▶ Activity:
Copy out the data below as written; omit any images.

▶ Data segment:
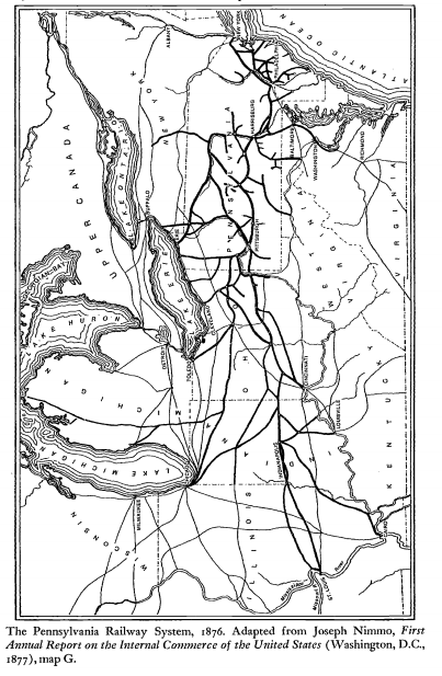 These plans called for obtaining access to the major commercial centers and the natural resources—coal, oil, and lumber—in the nation’s heartland between New York and Philadelphia and Chicago and St. Louis.9 The Pennsylvania leased or purchased control of roads into Columbus, Cin- cinnati, Indianapolis, Louisville, Maysville, and Cairo. Simultaneously it purchased control of lines to the lake ports and the lumber region of Michigan. Then in 1871 it leased for 999 years the “Joint Companies” in New Jersey in order to insure absolute control of the routes from Philadelphia and other Pennsylvania rail centers into New York City.10 It soon had its own lines into Buffalo and Toledo, as well as Detroit and Chicago, and its connections to Washington and Baltimore. In less than five years the Pennsylvania had grown from a line of 491 miles of track to one of just under 6,000 miles, or 8 percent of the total mileage of railroads operated in the United States. Its capitalization stood at just under $400,000,000, a fraction less than 13 percent of the total capital invested in American railroads. By 1874 the total mileage it directly administered equaled that of the railroad network of Prussia. Only two nations in the world, Great Britain and France, had more miles of railroad than the Pennsylvania system.
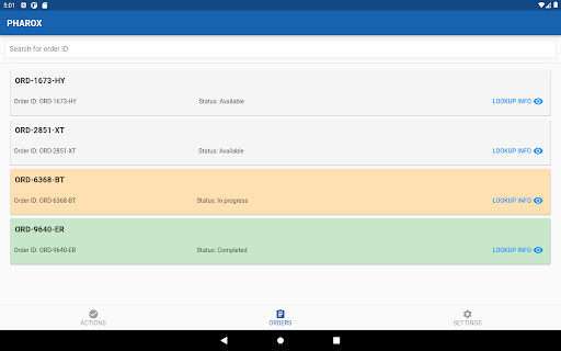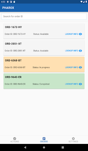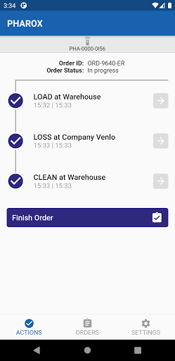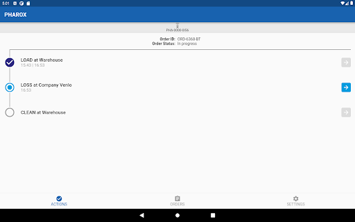 With PHAROX Field app, users can manage their progress in a logistic process, such as ‘orders’ or ‘workflows’.
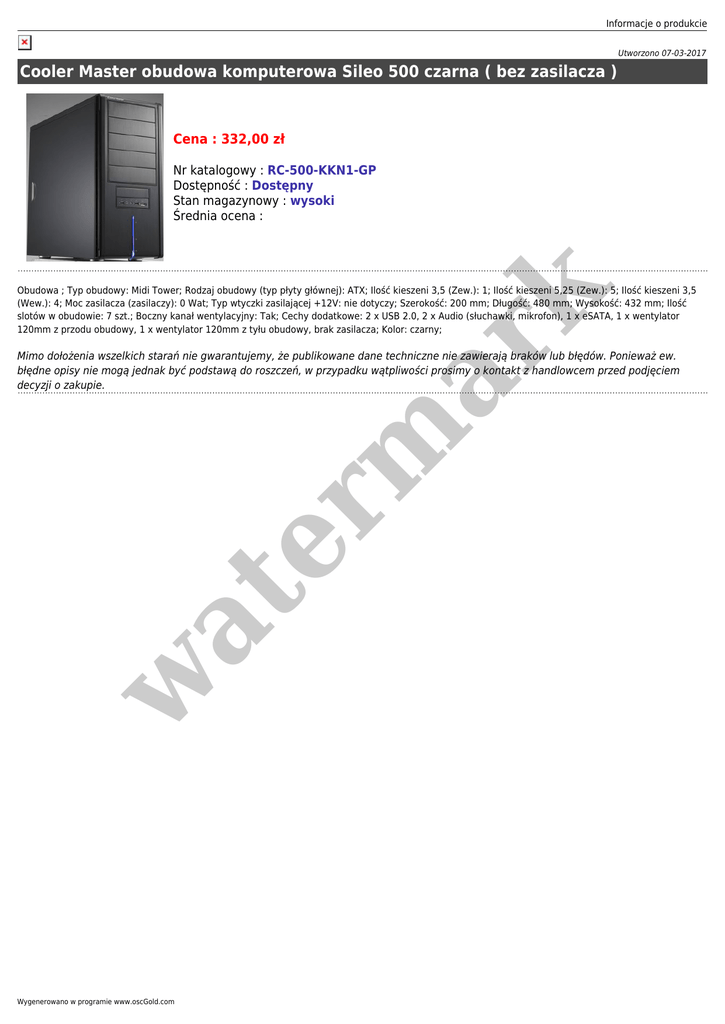 Informacje o produkcie Utworzono 07-03-2017 Cooler Master obudowa komputerowa Sileo 500 czarna ( bez zasilacza ) Cena : 332,00 zł Nr katalogowy : RC-500-KKN1-GP Dostępność : Dostępny Stan magazynowy : wysoki Średnia ocena : er m ar k Obudowa ; Typ obudowy: Midi Tower; Rodzaj obudowy (typ płyty głównej): ATX; Ilość kieszeni 3,5 (Zew.): 1; Ilość kieszeni 5,25 (Zew.): 5; Ilość kieszeni 3,5 (Wew.): 4; Moc zasilacza (zasilaczy): 0 Wat; Typ wtyczki zasilającej +12V: nie dotyczy; Szerokość: 200 mm; Długość: 480 mm; Wysokość: 432 mm; Ilość slotów w obudowie: 7 szt.; Boczny kanał wentylacyjny: Tak; Cechy dodatkowe: 2 x USB 2.0, 2 x Audio (słuchawki, mikrofon), 1 x eSATA, 1 x wentylator 120mm z przodu obudowy, 1 x wentylator 120mm z tyłu obudowy, brak zasilacza; Kolor: czarny; w at Mimo dołożenia wszelkich starań nie gwarantujemy, że publikowane dane techniczne nie zawierają braków lub błędów. Ponieważ ew. błędne opisy nie mogą jednak być podstawą do roszczeń, w przypadku wątpliwości prosimy o kontakt z handlowcem przed podjęciem decyzji o zakupie. Wygenerowano w programie www.oscGold.com

▶ Answer space:
 These plans called for obtaining access to the major commercial centers and the natural resources—coal, oil, and lumber—in the nation’s heartland between New York and Philadelphia and Chicago and St. Louis.9 The Pennsylvania leased or purchased control of roads into Columbus, Cin- cinnati, Indianapolis, Louisville, Maysville, and Cairo. Simultaneously it purchased control of lines to the lake ports and the lumber region of Michigan. Then in 1871 it leased for 999 years the “Joint Companies” in New Jersey in order to insure absolute control of the routes from Philadelphia and other Pennsylvania rail centers into New York City.10 It soon had its own lines into Buffalo and Toledo, as well as Detroit and Chicago, and its connections to Washington and Baltimore. In less than five years the Pennsylvania had grown from a line of 491 miles of track to one of just under 6,000 miles, or 8 percent of the total mileage of railroads operated in the United States. Its capitalization stood at just under $400,000,000, a fraction less than 13 percent of the total capital invested in American railroads. By 1874 the total mileage it directly administered equaled that of the railroad network of Prussia. Only two nations in the world, Great Britain and France, had more miles of railroad than the Pennsylvania system.
 With PHAROX Field app, users can manage their progress in a logistic process, such as ‘orders’ or ‘workflows’.
 Informacje o produkcie Utworzono 07-03-2017 Cooler Master obudowa komputerowa Sileo 500 czarna ( bez zasilacza ) Cena : 332,00 zł Nr katalogowy : RC-500-KKN1-GP Dostępność : Dostępny Stan magazynowy : wysoki Średnia ocena : er m ar k Obudowa ; Typ obudowy: Midi Tower; Rodzaj obudowy (typ płyty głównej): ATX; Ilość kieszeni 3,5 (Zew.): 1; Ilość kieszeni 5,25 (Zew.): 5; Ilość kieszeni 3,5 (Wew.): 4; Moc zasilacza (zasilaczy): 0 Wat; Typ wtyczki zasilającej +12V: nie dotyczy; Szerokość: 200 mm; Długość: 480 mm; Wysokość: 432 mm; Ilość slotów w obudowie: 7 szt.; Boczny kanał wentylacyjny: Tak; Cechy dodatkowe: 2 x USB 2.0, 2 x Audio (słuchawki, mikrofon), 1 x eSATA, 1 x wentylator 120mm z przodu obudowy, 1 x wentylator 120mm z tyłu obudowy, brak zasilacza; Kolor: czarny; w at Mimo dołożenia wszelkich starań nie gwarantujemy, że publikowane dane techniczne nie zawierają braków lub błędów. Ponieważ ew. błędne opisy nie mogą jednak być podstawą do roszczeń, w przypadku wątpliwości prosimy o kontakt z handlowcem przed podjęciem decyzji o zakupie. Wygenerowano w programie www.oscGold.com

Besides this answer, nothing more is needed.